Proceeds will be used for general corporate purposes and to increase the company's lending operations while maintaining a minimum reference stockholders' equity ratio of 15%.

Also from the region, Santiago, Chile-based telecommunications company Telefonica Moviles Chile SA mandated BBVA Securities, Citigroup and Deutsche Bank as bookrunners for a five-year dollar-denominated issue of notes that will be marketed on a roadshow starting Friday, a market source said.

The Rule 144A and Regulation S transaction is expected to launch soon after the investor meetings, which will be held in Los Angeles, London, Boston and New York.

Issuers move toward market

Latin America also saw Brazil-based energy producer Cosan Overseas Ltd.'s planned issue of $300 million perpetual bonds whispered at a yield in the 8½% area, a market source said.

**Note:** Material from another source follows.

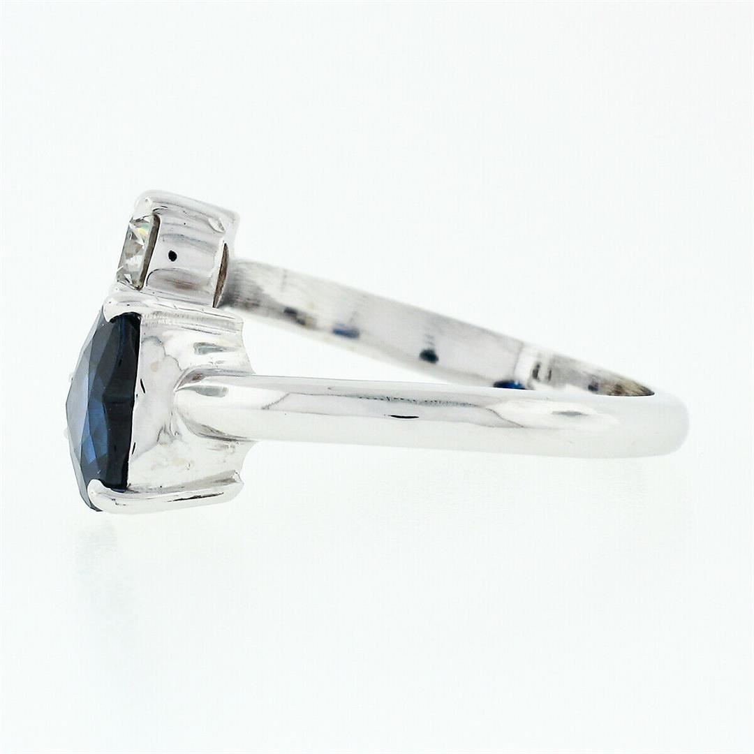 A new solid 18k white gold moi et toi bypass ring, with 1 GIA certified heart brilliant cut natural sapphire (6.88 x 8.14mm), and 1 round brilliant cut natural diamond (H - VS2; 0.42ct). The ring is size 6.5, weighs a total of 4.22 grams, and measures 11.6mm wide. Comes with all original relevant certifications.

Credit Suisse, Morgan Stanley and JPMorgan are the bookrunners for the Regulation S-only deal, which is non-callable for five years.

And the Argentine province of Neuquen upped the size of its planned floating-rate notes to $250 million from $200 million, a market source said.

The notes will have a maximum maturity of 10 years.

Proceeds are expected to be used for the repayment of debt, though some sources now say the funds will be used to finance infrastructure projects.

MB Petroleum plans deal

In another upcoming deal, Oman-based oilfield services company MB Petroleum Service LLC has mandated Barclays Capital, HSBC and Standard Chartered as bookrunners for a $350 million issue of senior notes that will be marketed on a roadshow starting Thursday, a market source said.

The Rule 144A and Regulation S deal is expected to launch following the investor meetings in Asia, the United Arab Emirates, Europe and the United States.

The notes will be guaranteed by parent company Mohamed Al Barwani Holding Co. LLC, MB Petroleum and other subsidiaries.